American bobsledder (born 1980)

Curtis "Curt" Tomasevicz (born September 17, 1980) is an American bobsledder who has competed since 2004, and a former college football player. He won six medals at the FIBT World Championships with two golds (Four-man: 2009, 2012), a silver (Mixed team: 2007) and three bronzes (Two-man: 2009, Mixed team: 2008, 2009).

Tomasevicz finished sixth in the four-man event at the 2006 Winter Olympics in Turin. He was an alternate during the (2006–07) season on World Cup tour for driver Steven Holcomb and won a gold in Cesana, Italy during the 2007–08 season.

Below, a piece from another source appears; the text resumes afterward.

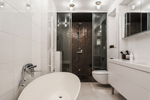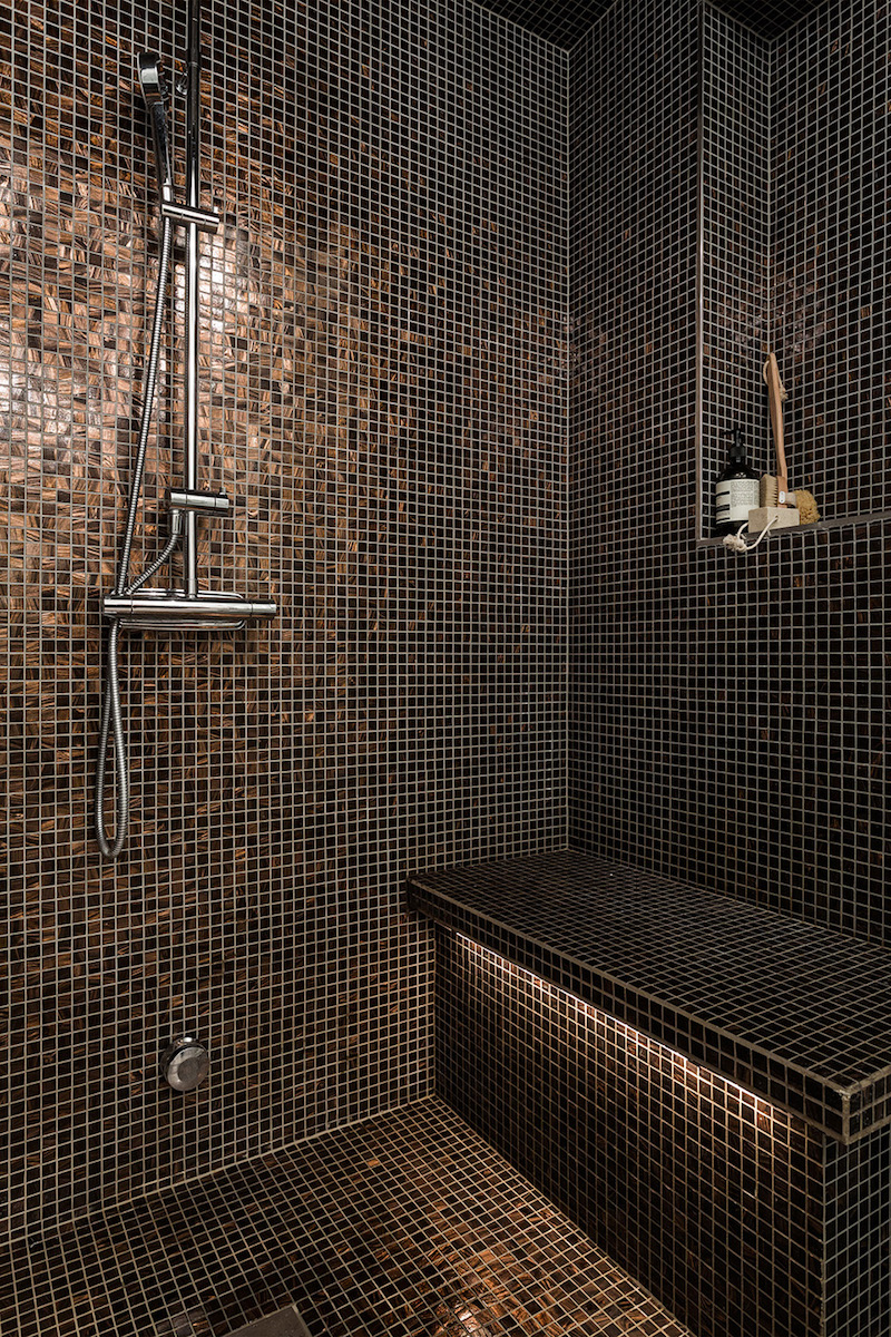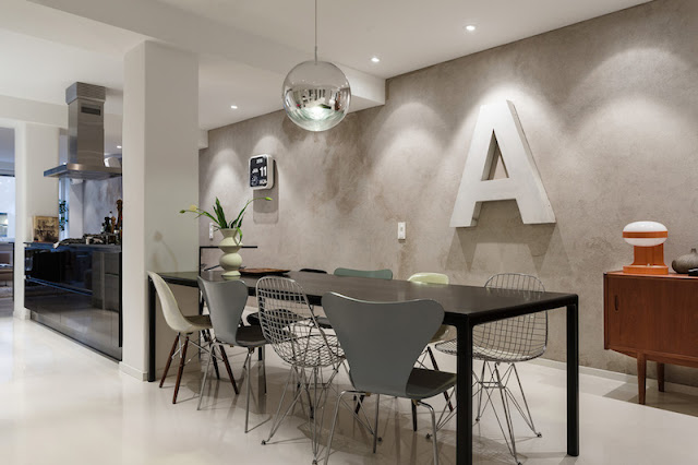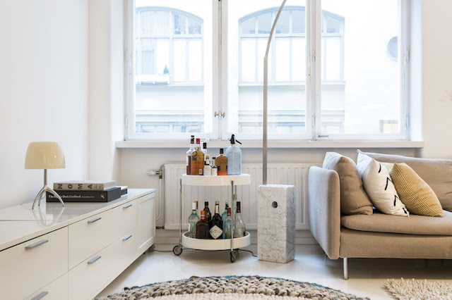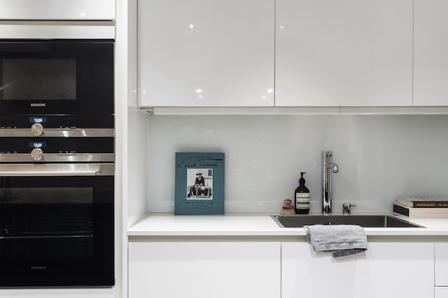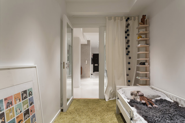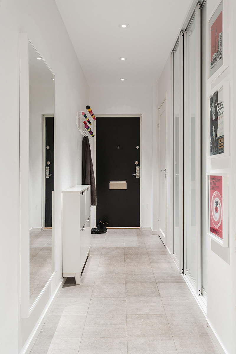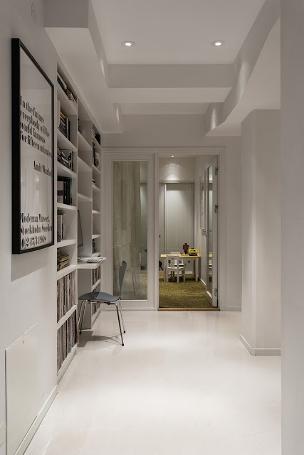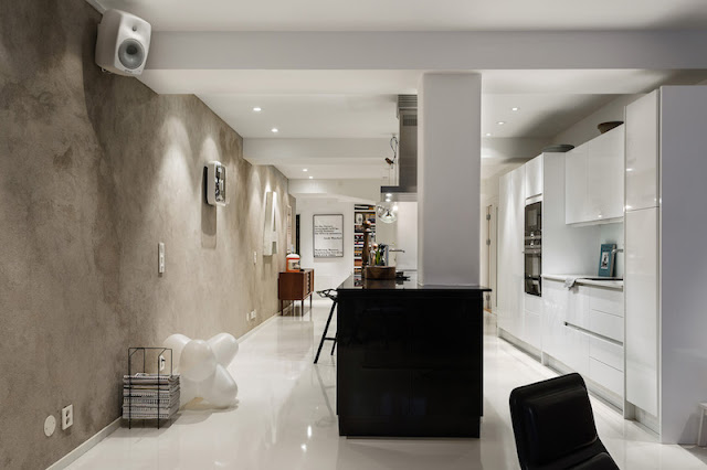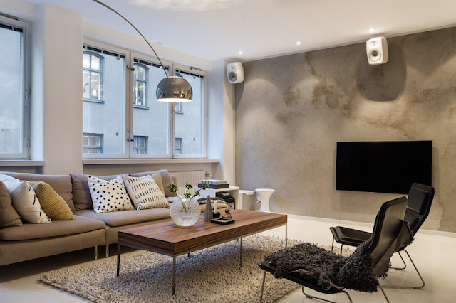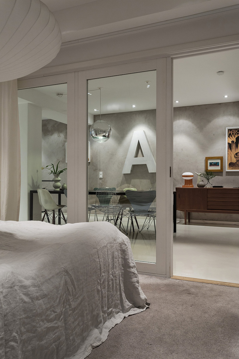Nowoczesne mieszkanie o powierzchni 123m2. Położone w stolicy Szwecji, Sztokholmie. Wnętrze jest w dużej części otwarte (połączony salon z kuchnią, pokoje mają szklane przeźroczyste drzwi).

It was announced on January 15, 2010 that he made the US team in both the two-man and four-man events at the 2010 Winter Olympics, where he won a gold medal.

==Personal life==
Tomasevicz earned his bachelor degree and Master of Science degree in electrical engineering with a minor in astrophysics, and in December 2017 a PhD in biological systems engineering, all from the University of Nebraska–Lincoln. He played fullback and middle linebacker for the Nebraska Cornhuskers football team from 2000–2003, and was named an Academic All-Big 12 player in 2002. He comes from Shelby, Nebraska. Tomasevicz serves as an Assistant Professor in biological systems engineering at the University of Nebraska–Lincoln, and also speaks at schools around Nebraska.

Tomasevicz is a faithful Catholic who has an appreciation for the Church's longstanding and fruitful relationship with science, and an appreciation for other aspects of the Church's history.